Oh and do some, like, sick hangers bro.


----------



## MonsterEnergy (15 Mar 2020)

Spiderweb said:


> I haven’t got time to watch the whole video but it looks roughly 1200mm x 600mm.
> View attachment 508455


thanks
What thickness of ply does he use for the middle bit?


----------



## MonsterEnergy (15 Mar 2020)

CanucksTraveller said:


> How did the rebuilding of your local trails go? Did you manage that? Would you like some close up photos and a google map of some plywood to help with your kicker ramp? Are you now able to spin your bars willy nilly? Did you ever manage to change your pedals?
> 
> Would you come back and let us know how any of these projects went? That would be lovely.
> 
> Oh and do some, like, sick hangers bro.


Terrible.....Sort off.
Yes please. That would be very helpful.
Nah, Yep


----------



## Spiderweb (15 Mar 2020)

MonsterEnergy said:


> thanks
> What thickness of ply does he use for the middle bit?


He uses 9mm ply for the top surface, any thicker then you may struggle to form the bend. The 2 side pieces are 18mm ply and the softwood struts are 50mm x 25mm.


----------



## fossyant (15 Mar 2020)

If it's a sturdy frame, like in the shots, you won't need that thick a sheet of ply, especially if it needs bending.
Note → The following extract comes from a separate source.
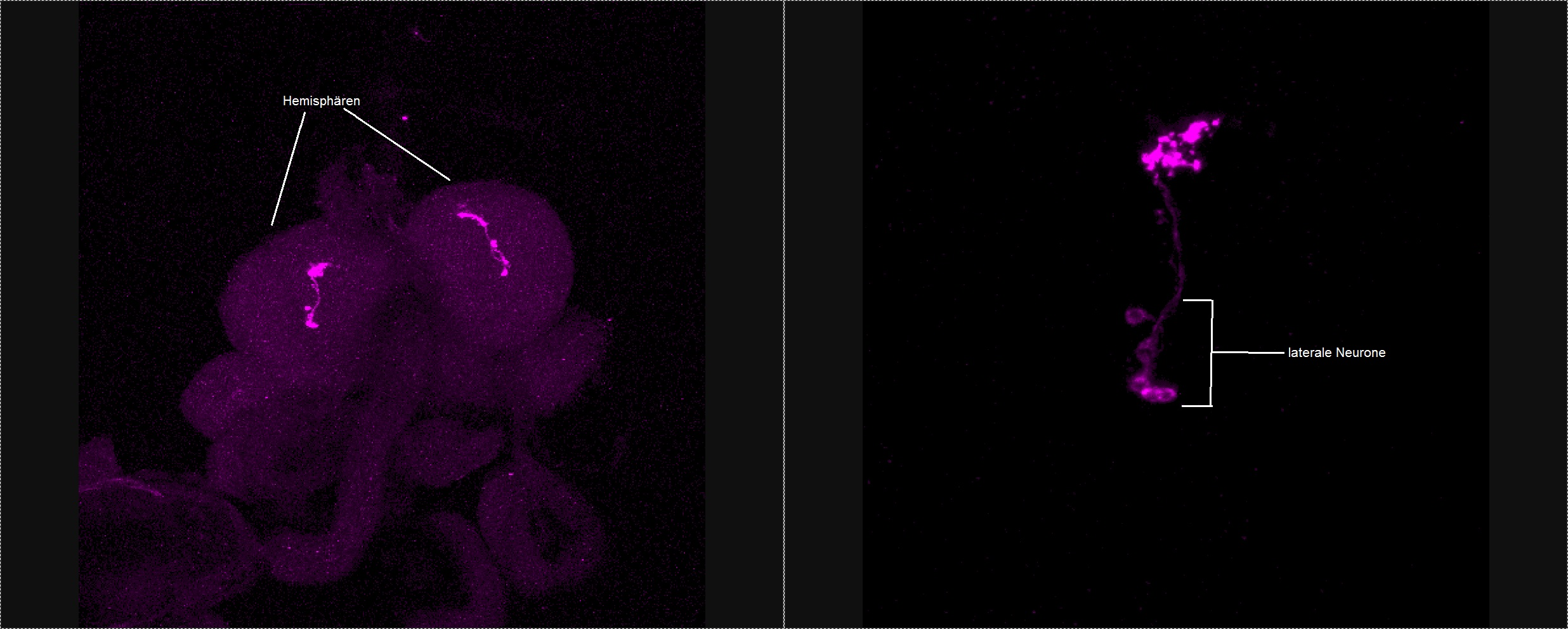 Larvengehirn; links: exprimiertes PDF in den Hemisphären von Drosophila(hier magenta eingefärbt mit Antikörperfärbung (PDFc7)), rechts: exprimiertes PDF in den LN, normalerweise exprimieren nur 4 LN PDF, hier sind ausnahmsweise 5 PDF-exprimierende LN zu erkennen.

I fancy building a kicker/drop off out of decking, but that won't half be heavy.

Marine ply would be my choice too.


----------



## MonsterEnergy (15 Mar 2020)

Spiderweb said:


> He uses 9mm ply for the top surface, any thicker then you may struggle to form the bend. The 2 side pieces are 18mm ply and the softwood struts are 50mm x 25mm.
> View attachment 508469
> 
> 
> View attachment 508470


thanks very much
So just and 9mm Plywood basically.
https://www.diy.com/departments/smo...-l-1-22m-w-0-61m-t-9mm/1696258_BQ.prd/gallery
would that bend okay, for a 4ft long, and 2ft wide ramp?


----------



## derrick (15 Mar 2020)

Roger Longbottom said:


> I'd use two short planks.


There are plenty of them around.🤣🤣


----------



## Spiderweb (15 Mar 2020)

MonsterEnergy said:


> thanks very much
> So just and 9mm Plywood basically.
> https://www.diy.com/departments/smo...-l-1-22m-w-0-61m-t-9mm/1696258_BQ.prd/gallery
> would that bend okay, for a 4ft long, and 2ft wide ramp?


Yes that should do the job.


----------



## MonsterEnergy (15 Mar 2020)

Spiderweb said:


> Yes that should do the job.


so would that bend easily?


----------



## MonsterEnergy (15 Mar 2020)

thanks for your help


----------



## Spiderweb (15 Mar 2020)

MonsterEnergy said:


> so would that bend easily?


Never tried it but the guy in the video bends it ok and his ramp is wider than 2ft so you should have no problem at all.


----------



## MonsterEnergy (15 Mar 2020)

Spiderweb said:


> Never tried it but the guy in the video bends it ok and his ramp is wider than 2ft so you should have no problem at all.


Okay....Great. Thanks


----------